YOUR ASSIGNMENT – Leave the images behind and copy every record exactly.

TASK DATA –

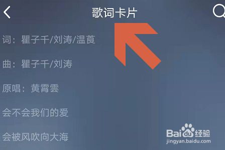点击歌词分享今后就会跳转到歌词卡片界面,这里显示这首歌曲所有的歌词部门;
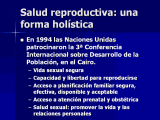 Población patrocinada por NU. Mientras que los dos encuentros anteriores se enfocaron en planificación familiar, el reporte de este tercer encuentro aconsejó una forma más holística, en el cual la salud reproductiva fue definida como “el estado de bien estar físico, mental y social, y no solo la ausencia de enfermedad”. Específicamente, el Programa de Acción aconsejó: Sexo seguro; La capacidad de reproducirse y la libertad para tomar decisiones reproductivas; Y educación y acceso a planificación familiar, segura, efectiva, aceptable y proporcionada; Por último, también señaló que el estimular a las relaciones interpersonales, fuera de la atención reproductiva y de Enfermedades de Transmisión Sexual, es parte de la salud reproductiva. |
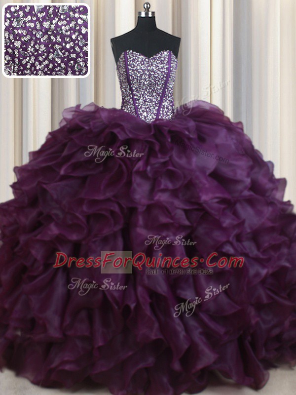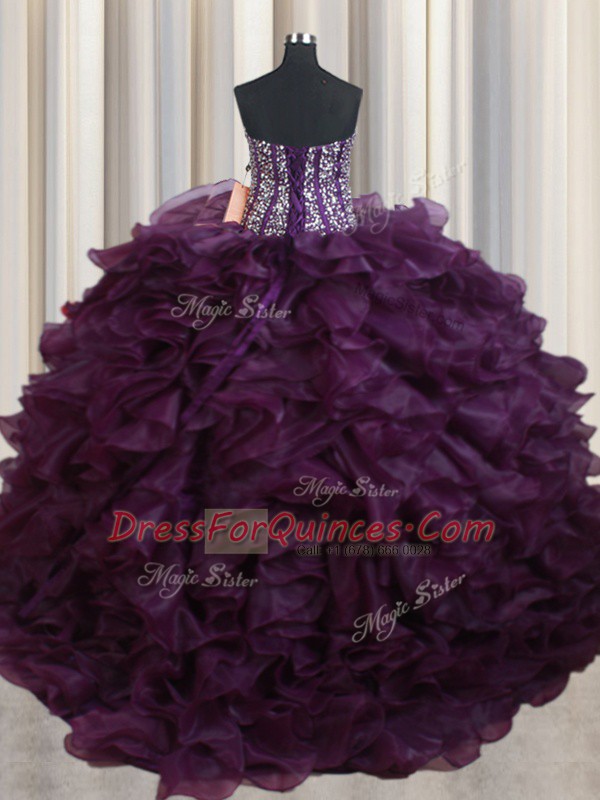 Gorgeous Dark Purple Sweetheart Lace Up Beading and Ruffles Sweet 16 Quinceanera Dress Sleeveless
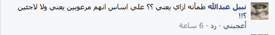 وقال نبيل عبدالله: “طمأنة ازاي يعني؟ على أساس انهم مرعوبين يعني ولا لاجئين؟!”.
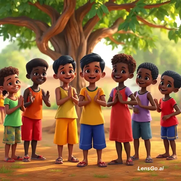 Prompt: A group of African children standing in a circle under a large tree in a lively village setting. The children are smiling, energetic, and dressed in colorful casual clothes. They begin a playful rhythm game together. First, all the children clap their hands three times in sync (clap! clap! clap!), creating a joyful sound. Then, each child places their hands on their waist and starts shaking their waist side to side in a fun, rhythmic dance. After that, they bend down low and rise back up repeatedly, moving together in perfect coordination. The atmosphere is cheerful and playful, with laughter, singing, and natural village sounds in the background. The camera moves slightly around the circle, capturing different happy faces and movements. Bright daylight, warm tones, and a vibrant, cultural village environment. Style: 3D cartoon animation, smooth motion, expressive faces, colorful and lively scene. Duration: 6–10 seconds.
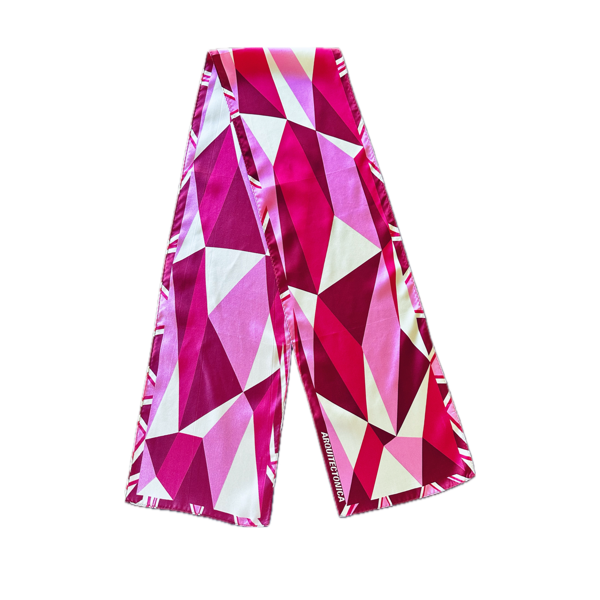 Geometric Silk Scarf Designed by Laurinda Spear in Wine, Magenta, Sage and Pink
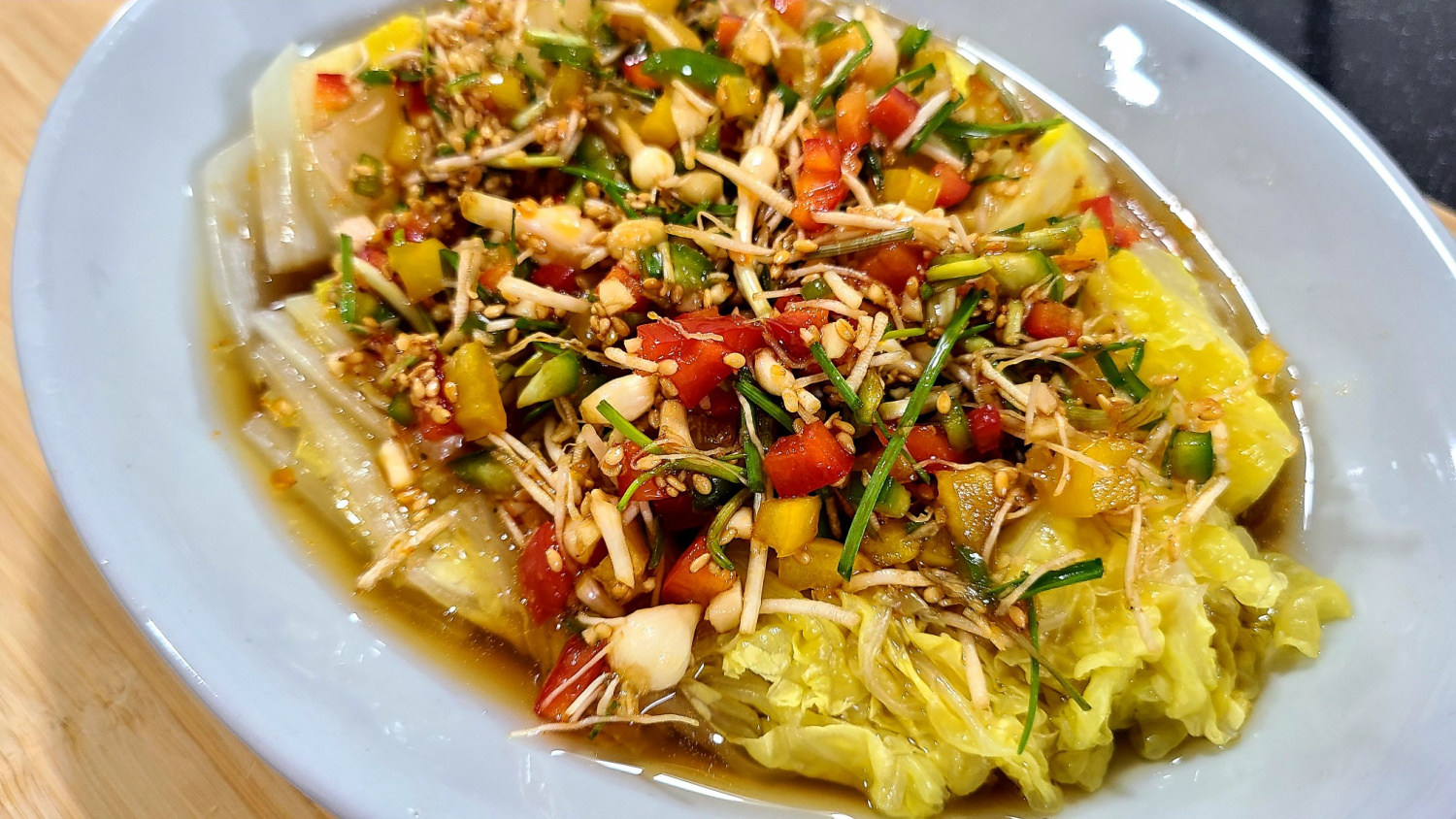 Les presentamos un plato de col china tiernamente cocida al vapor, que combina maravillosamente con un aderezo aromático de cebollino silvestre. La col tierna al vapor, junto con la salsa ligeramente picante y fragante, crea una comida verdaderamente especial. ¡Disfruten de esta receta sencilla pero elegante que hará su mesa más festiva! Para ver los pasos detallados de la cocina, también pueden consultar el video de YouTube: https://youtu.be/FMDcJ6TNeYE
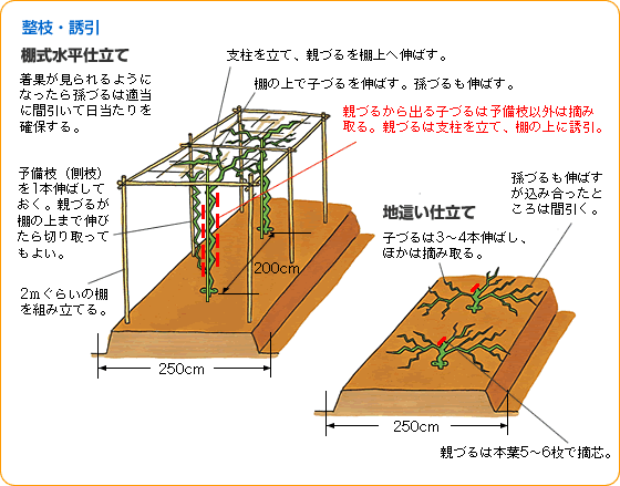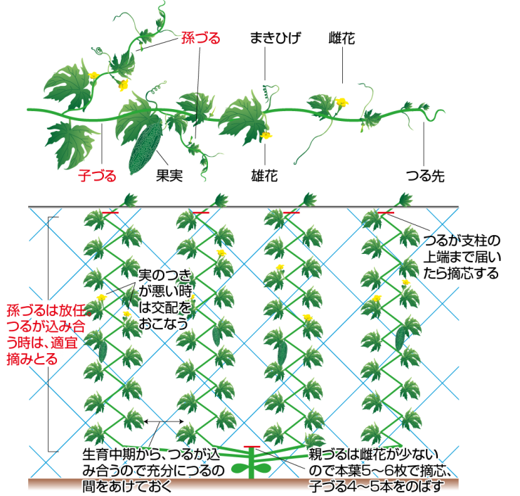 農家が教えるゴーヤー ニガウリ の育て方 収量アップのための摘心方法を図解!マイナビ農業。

RESULT FOR THIS EXERCISE –
点击歌词分享今后就会跳转到歌词卡片界面,这里显示这首歌曲所有的歌词部门;
 Población patrocinada por NU. Mientras que los dos encuentros anteriores se enfocaron en planificación familiar, el reporte de este tercer encuentro aconsejó una forma más holística, en el cual la salud reproductiva fue definida como “el estado de bien estar físico, mental y social, y no solo la ausencia de enfermedad”. Específicamente, el Programa de Acción aconsejó: Sexo seguro; La capacidad de reproducirse y la libertad para tomar decisiones reproductivas; Y educación y acceso a planificación familiar, segura, efectiva, aceptable y proporcionada; Por último, también señaló que el estimular a las relaciones interpersonales, fuera de la atención reproductiva y de Enfermedades de Transmisión Sexual, es parte de la salud reproductiva. |
 Gorgeous Dark Purple Sweetheart Lace Up Beading and Ruffles Sweet 16 Quinceanera Dress Sleeveless
 وقال نبيل عبدالله: “طمأنة ازاي يعني؟ على أساس انهم مرعوبين يعني ولا لاجئين؟!”.
 Prompt: A group of African children standing in a circle under a large tree in a lively village setting. The children are smiling, energetic, and dressed in colorful casual clothes. They begin a playful rhythm game together. First, all the children clap their hands three times in sync (clap! clap! clap!), creating a joyful sound. Then, each child places their hands on their waist and starts shaking their waist side to side in a fun, rhythmic dance. After that, they bend down low and rise back up repeatedly, moving together in perfect coordination. The atmosphere is cheerful and playful, with laughter, singing, and natural village sounds in the background. The camera moves slightly around the circle, capturing different happy faces and movements. Bright daylight, warm tones, and a vibrant, cultural village environment. Style: 3D cartoon animation, smooth motion, expressive faces, colorful and lively scene. Duration: 6–10 seconds.
 Geometric Silk Scarf Designed by Laurinda Spear in Wine, Magenta, Sage and Pink
 Les presentamos un plato de col china tiernamente cocida al vapor, que combina maravillosamente con un aderezo aromático de cebollino silvestre. La col tierna al vapor, junto con la salsa ligeramente picante y fragante, crea una comida verdaderamente especial. ¡Disfruten de esta receta sencilla pero elegante que hará su mesa más festiva! Para ver los pasos detallados de la cocina, también pueden consultar el video de YouTube: https://youtu.be/FMDcJ6TNeYE
 農家が教えるゴーヤー ニガウリ の育て方 収量アップのための摘心方法を図解!マイナビ農業。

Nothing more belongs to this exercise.